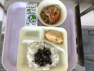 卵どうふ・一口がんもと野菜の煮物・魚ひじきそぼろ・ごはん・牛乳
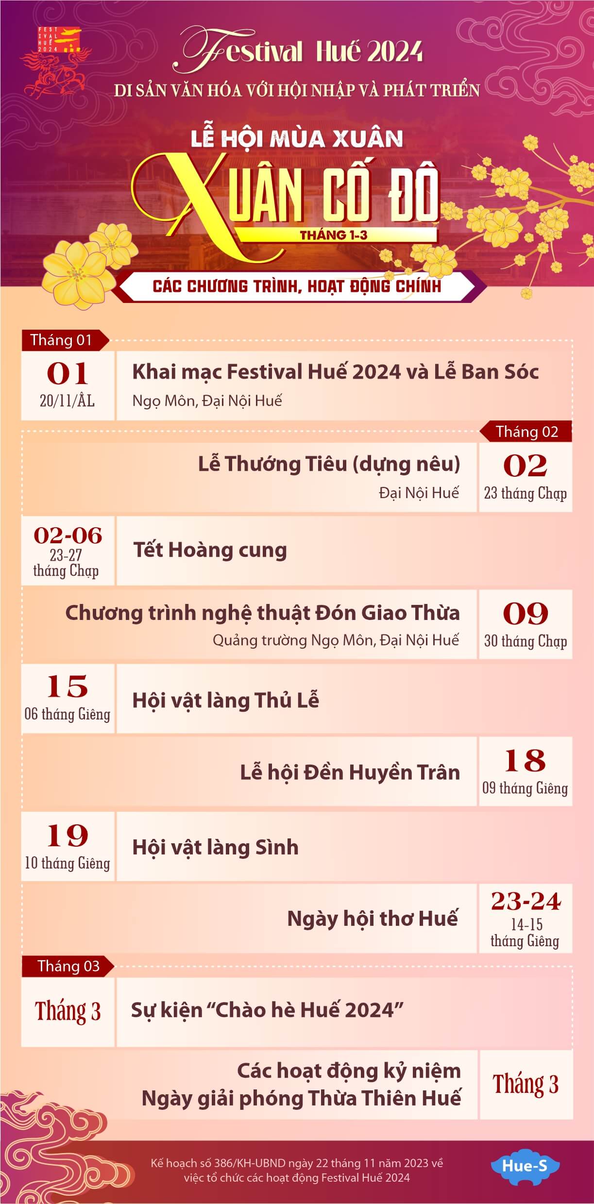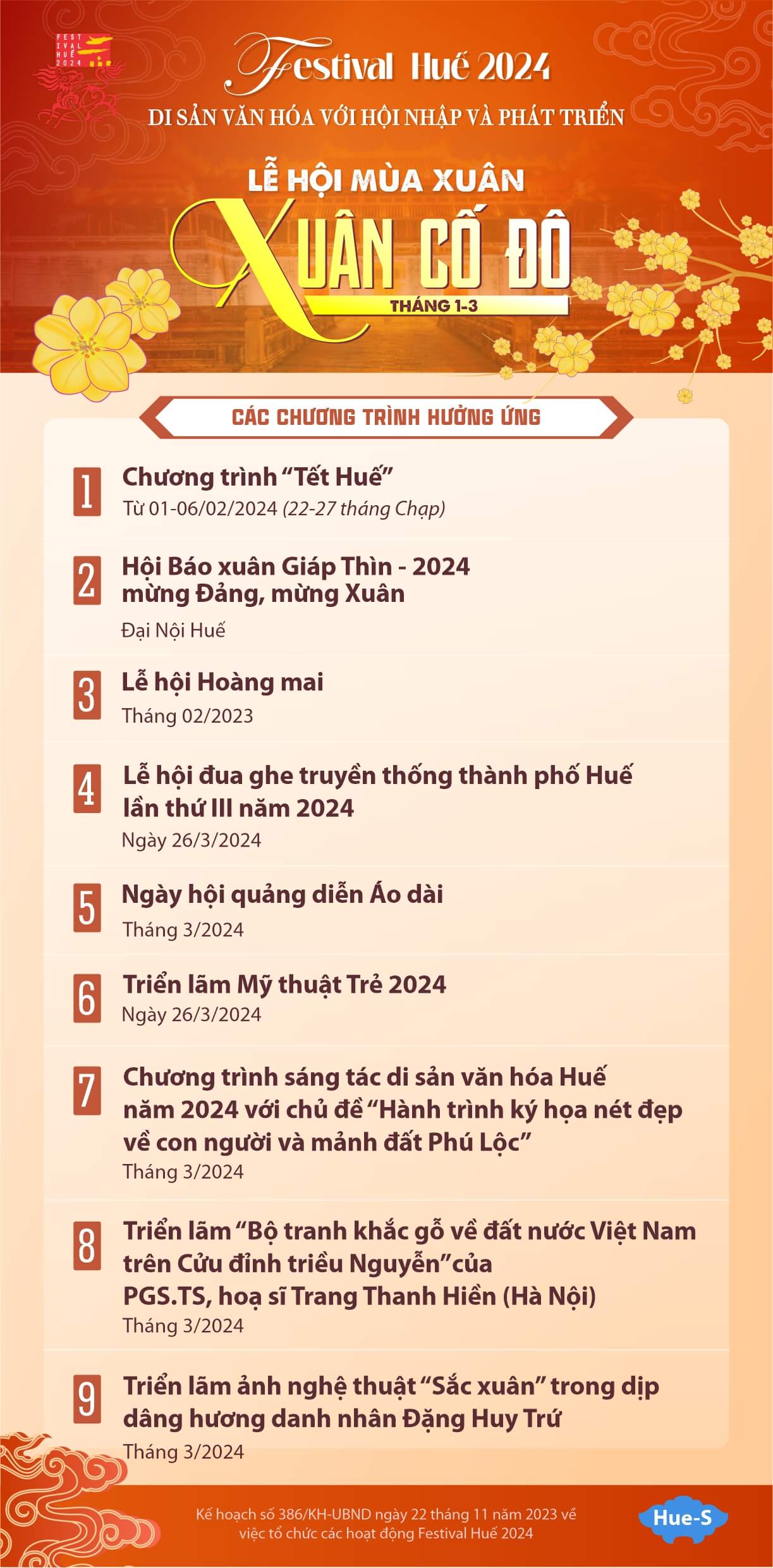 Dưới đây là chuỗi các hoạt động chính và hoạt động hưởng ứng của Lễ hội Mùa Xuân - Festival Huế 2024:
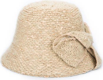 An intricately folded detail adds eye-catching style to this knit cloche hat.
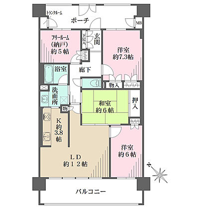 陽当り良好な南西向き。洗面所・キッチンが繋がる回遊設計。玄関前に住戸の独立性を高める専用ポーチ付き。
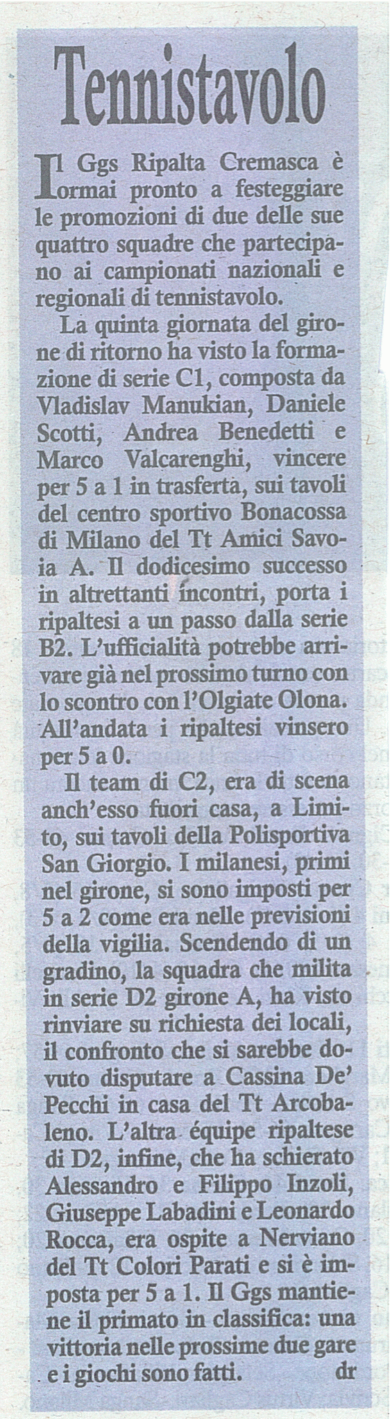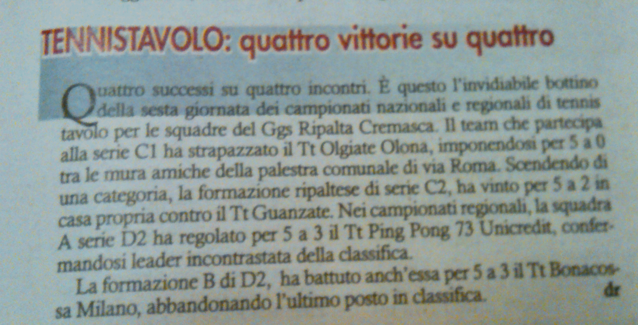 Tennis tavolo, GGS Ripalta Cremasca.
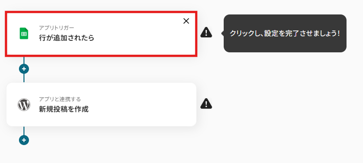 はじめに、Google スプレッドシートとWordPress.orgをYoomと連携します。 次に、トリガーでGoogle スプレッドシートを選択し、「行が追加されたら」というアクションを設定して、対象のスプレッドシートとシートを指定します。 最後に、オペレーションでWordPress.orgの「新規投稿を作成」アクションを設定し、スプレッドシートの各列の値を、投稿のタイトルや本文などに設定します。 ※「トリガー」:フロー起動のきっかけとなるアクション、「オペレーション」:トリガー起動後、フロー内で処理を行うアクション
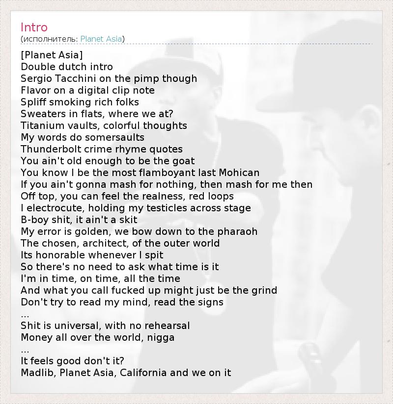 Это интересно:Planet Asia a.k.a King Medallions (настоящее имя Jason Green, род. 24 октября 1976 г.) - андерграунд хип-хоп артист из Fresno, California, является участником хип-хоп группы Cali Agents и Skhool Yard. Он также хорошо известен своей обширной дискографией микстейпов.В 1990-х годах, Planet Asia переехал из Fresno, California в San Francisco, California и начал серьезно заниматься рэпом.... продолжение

## How to complete this task:
Repeat the listing above word for word, omitting the pictures.

## Response:
 卵どうふ・一口がんもと野菜の煮物・魚ひじきそぼろ・ごはん・牛乳
 Dưới đây là chuỗi các hoạt động chính và hoạt động hưởng ứng của Lễ hội Mùa Xuân - Festival Huế 2024:
 An intricately folded detail adds eye-catching style to this knit cloche hat.
 陽当り良好な南西向き。洗面所・キッチンが繋がる回遊設計。玄関前に住戸の独立性を高める専用ポーチ付き。
 Tennis tavolo, GGS Ripalta Cremasca.
 はじめに、Google スプレッドシートとWordPress.orgをYoomと連携します。 次に、トリガーでGoogle スプレッドシートを選択し、「行が追加されたら」というアクションを設定して、対象のスプレッドシートとシートを指定します。 最後に、オペレーションでWordPress.orgの「新規投稿を作成」アクションを設定し、スプレッドシートの各列の値を、投稿のタイトルや本文などに設定します。 ※「トリガー」:フロー起動のきっかけとなるアクション、「オペレーション」:トリガー起動後、フロー内で処理を行うアクション
 Это интересно:Planet Asia a.k.a King Medallions (настоящее имя Jason Green, род. 24 октября 1976 г.) - андерграунд хип-хоп артист из Fresno, California, является участником хип-хоп группы Cali Agents и Skhool Yard. Он также хорошо известен своей обширной дискографией микстейпов.В 1990-х годах, Planet Asia переехал из Fresno, California в San Francisco, California и начал серьезно заниматься рэпом.... продолжение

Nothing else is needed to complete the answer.